**TASK BRIEF**
Only these lines of the data below are wanted: the one with "Discover the Southern", the one with "C65. 修理(半田補正)後 TREBLコントロール基盤裏。", and any lines between them, each repeated exactly.

··· TASK INPUT

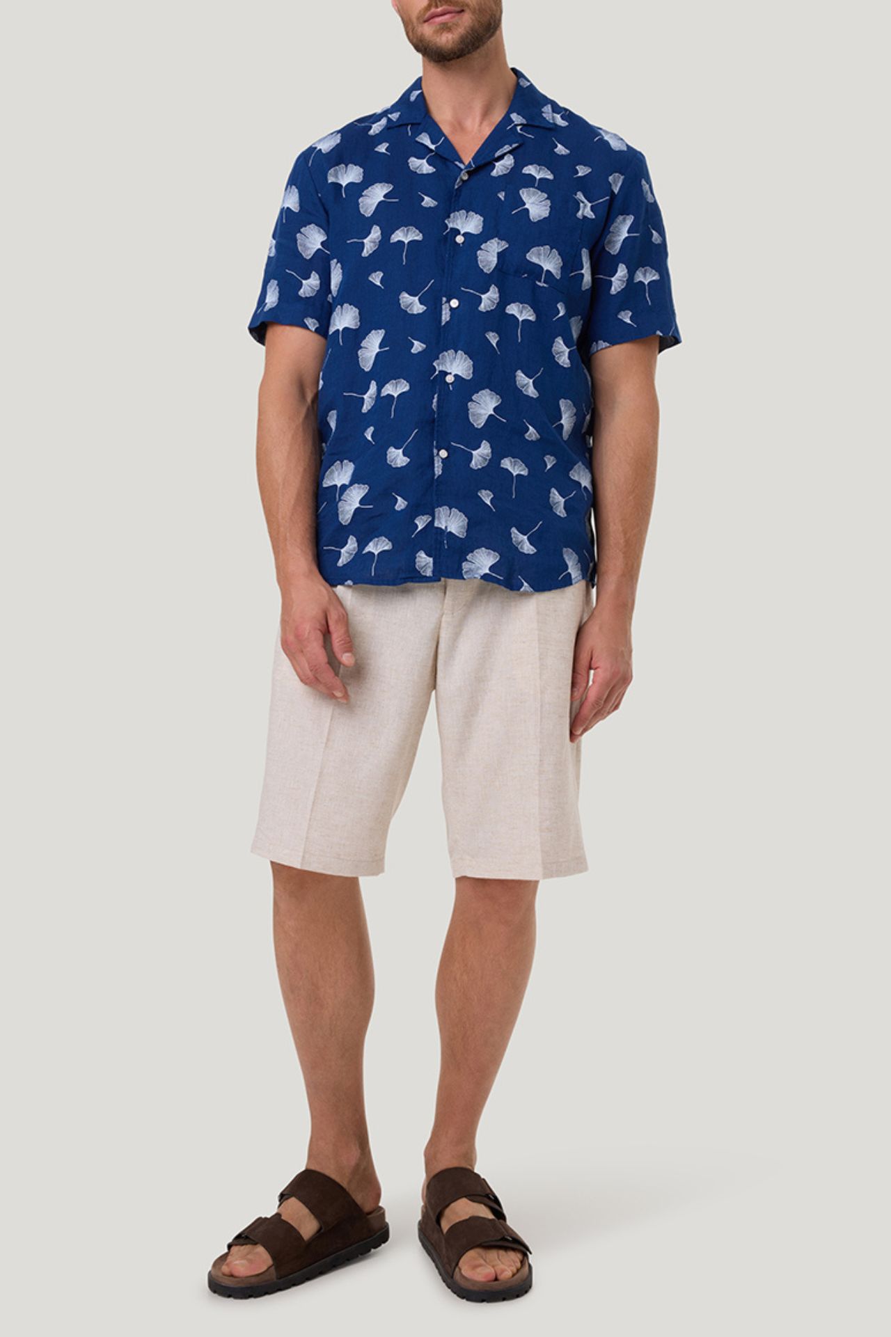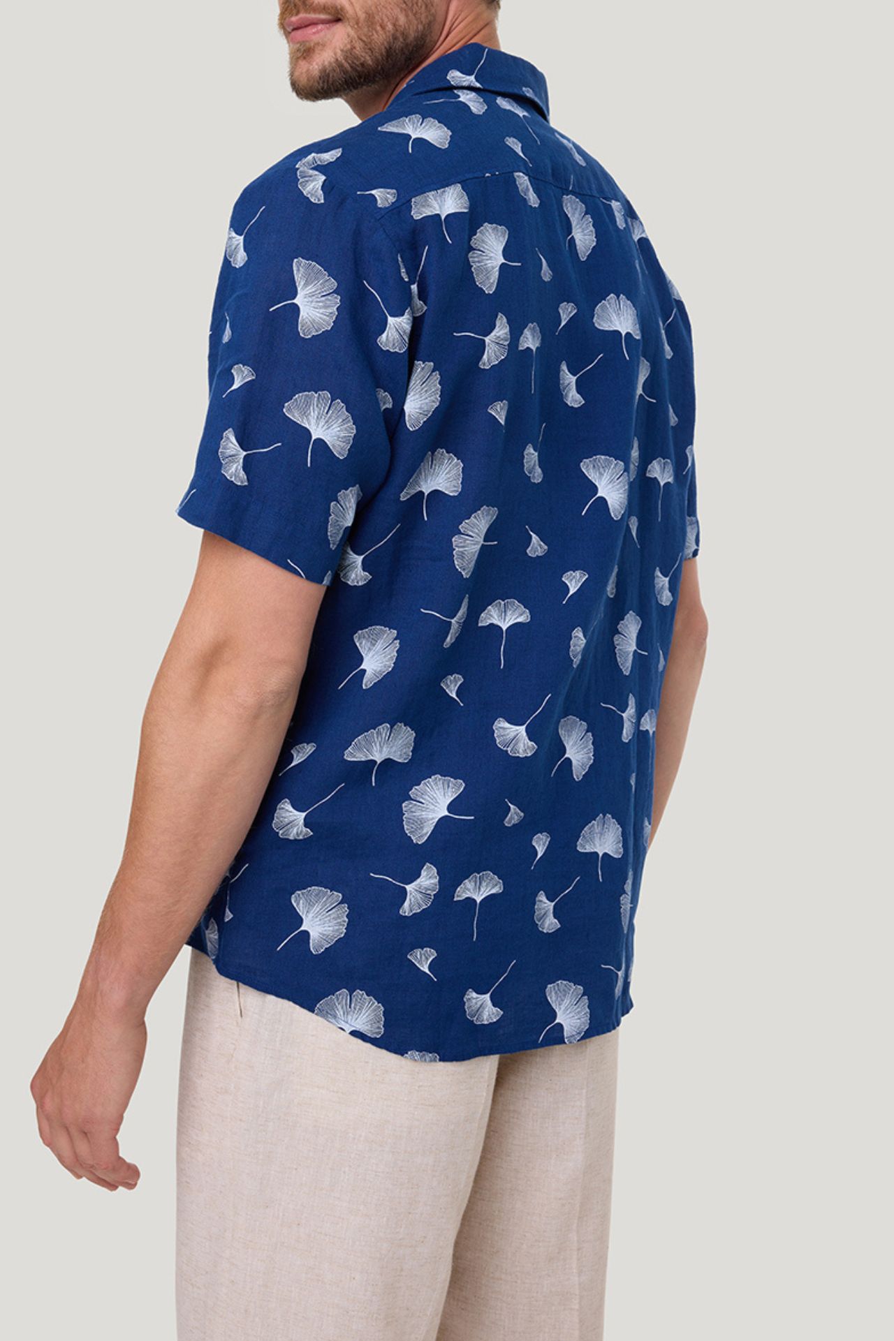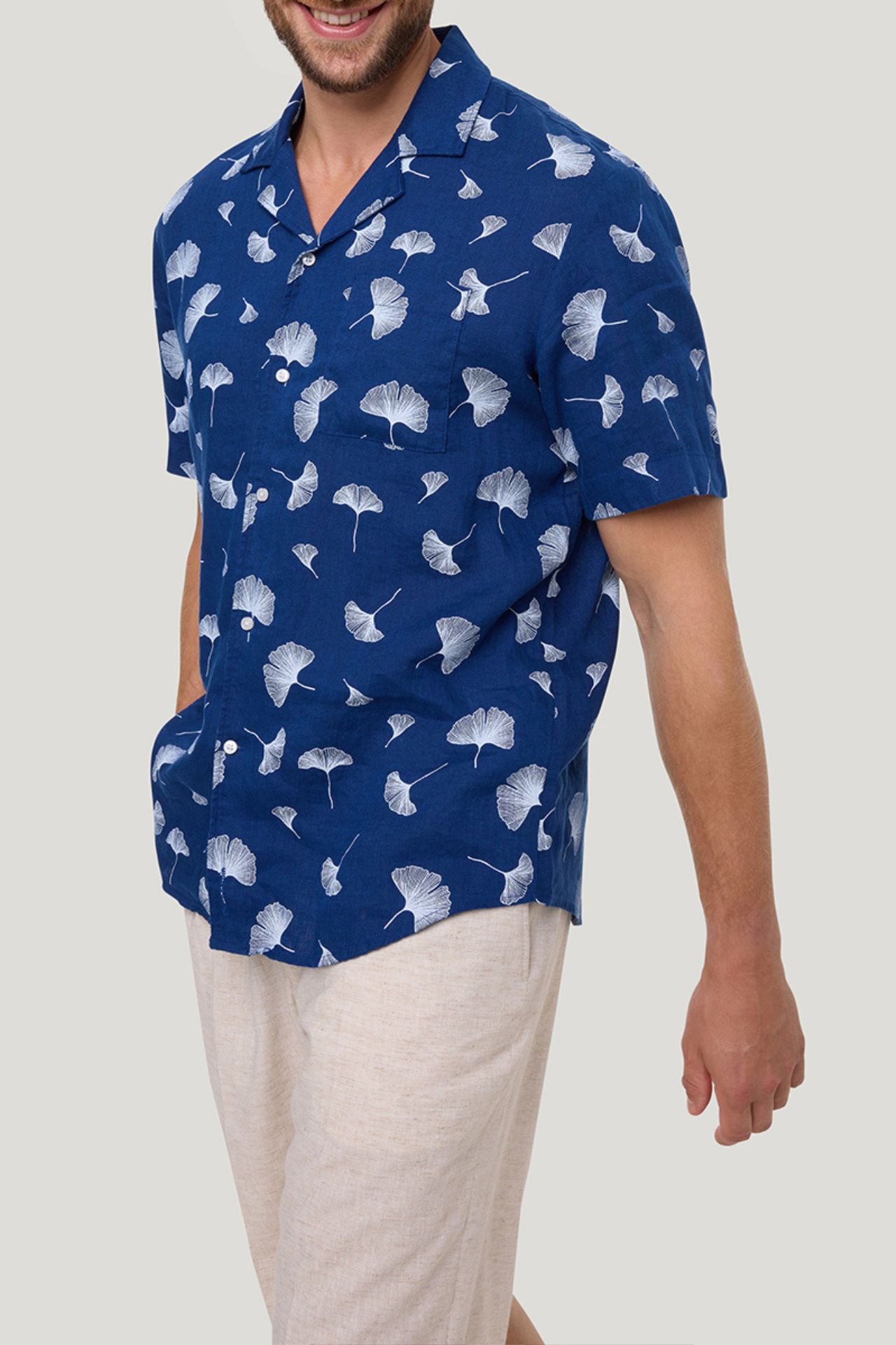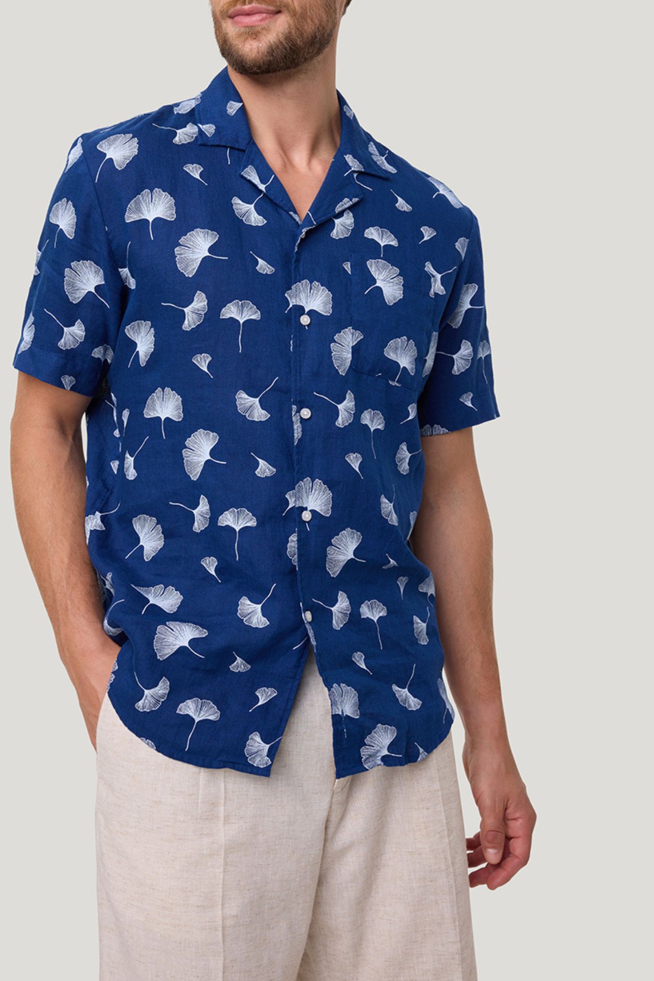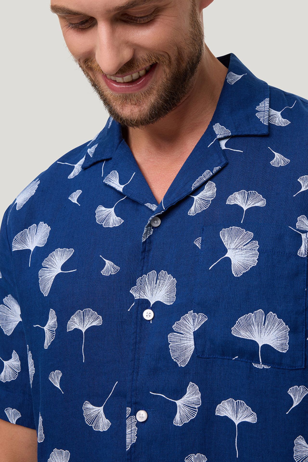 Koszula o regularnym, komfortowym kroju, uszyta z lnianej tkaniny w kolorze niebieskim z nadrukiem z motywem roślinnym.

······
··· TASK INPUT

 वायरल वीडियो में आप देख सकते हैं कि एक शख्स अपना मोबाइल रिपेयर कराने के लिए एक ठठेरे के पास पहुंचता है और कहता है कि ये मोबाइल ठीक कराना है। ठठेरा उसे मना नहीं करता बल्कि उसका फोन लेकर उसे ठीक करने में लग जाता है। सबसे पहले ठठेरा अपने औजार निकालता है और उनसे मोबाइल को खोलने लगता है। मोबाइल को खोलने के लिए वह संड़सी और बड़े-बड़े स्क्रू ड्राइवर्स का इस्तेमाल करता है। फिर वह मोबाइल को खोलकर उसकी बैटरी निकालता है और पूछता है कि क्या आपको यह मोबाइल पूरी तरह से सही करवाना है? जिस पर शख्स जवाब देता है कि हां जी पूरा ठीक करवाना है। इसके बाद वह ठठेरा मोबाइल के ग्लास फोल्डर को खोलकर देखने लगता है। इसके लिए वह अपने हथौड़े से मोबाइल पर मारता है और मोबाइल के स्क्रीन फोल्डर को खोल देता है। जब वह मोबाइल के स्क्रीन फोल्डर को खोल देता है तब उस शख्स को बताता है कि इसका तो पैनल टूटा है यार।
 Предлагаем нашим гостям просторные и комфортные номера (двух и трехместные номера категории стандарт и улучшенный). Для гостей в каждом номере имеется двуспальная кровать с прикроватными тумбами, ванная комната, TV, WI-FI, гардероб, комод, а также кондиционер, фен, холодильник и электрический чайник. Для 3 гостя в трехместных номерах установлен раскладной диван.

······
··· TASK INPUT

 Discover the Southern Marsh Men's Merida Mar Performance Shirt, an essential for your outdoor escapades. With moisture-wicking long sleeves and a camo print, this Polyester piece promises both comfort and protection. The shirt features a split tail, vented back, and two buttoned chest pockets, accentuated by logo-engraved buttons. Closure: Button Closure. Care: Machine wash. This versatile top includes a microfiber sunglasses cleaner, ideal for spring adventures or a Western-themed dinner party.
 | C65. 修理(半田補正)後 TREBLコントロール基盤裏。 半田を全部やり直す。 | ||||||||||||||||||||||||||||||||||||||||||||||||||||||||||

······

**COMPLETED TASK**
 Discover the Southern Marsh Men's Merida Mar Performance Shirt, an essential for your outdoor escapades. With moisture-wicking long sleeves and a camo print, this Polyester piece promises both comfort and protection. The shirt features a split tail, vented back, and two buttoned chest pockets, accentuated by logo-engraved buttons. Closure: Button Closure. Care: Machine wash. This versatile top includes a microfiber sunglasses cleaner, ideal for spring adventures or a Western-themed dinner party.
 | C65. 修理(半田補正)後 TREBLコントロール基盤裏。 半田を全部やり直す。 | ||||||||||||||||||||||||||||||||||||||||||||||||||||||||||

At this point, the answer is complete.